La Constitution reconnaît officiellement le christianisme. Cependant, Pékin a toujours cherché à contrôler les communautés religieuses. A des intensités différentes selon les régions, les Églises non enregistrées sont victimes d’une surveillance continuelle, subissent des interrogatoires, se voient imposer des amendes, etc. Il existe ainsi deux communautés d’Église. L’une, « officielle » ou « ouverte », contrôlée par le pouvoir, est la seule reconnue et se veut la seule à pouvoir nommer des évêques ou des pasteurs ; et l’autre, « clandestine » ou « souterraine », refuse d’être dirigée par le régime chinois et mène des activités religieuses (célébrations, formations, rassemblements dans des lieux de culte) non déclarées, et donc illégales aux yeux du Parti. Maints responsables chrétiens qui sont réprimés en raison de leur foi : enlèvement, arrestation, emprisonnement, condamnation arbitraire, torture, détention au secret ou disparition forcée.
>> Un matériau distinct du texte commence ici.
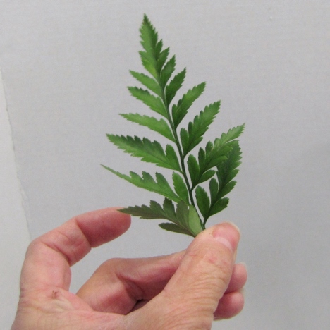 A leaf "frond" is a part of an entire leaf, such as the leather leaf frond shown below. I cut these off the main stem with a knife. It gives me a clean, sharp edge that pokes cleanly into florist foam.

Renforcement du contrôle des religions

Depuis trois ans, le gouvernement a fortement resserré le contrôle des religions, et plus généralement de la société civile dans son ensemble : campagne d’abattage de croix et d’édifices religieux, interdiction faite aux communautés catholiques, protestantes et musulmanes d’organiser des activités destinée aux enfants ou simplement de les emmener dans les lieux de culte, enlèvement et disparition d’évêques chinois comme Mgr Su Zhimin, ou en 2017, Mgr Shao Zhumin. Depuis 2012, Ma Daqin, l’évêque de Shanghai, ne peut plus exercer ses activités religieuses.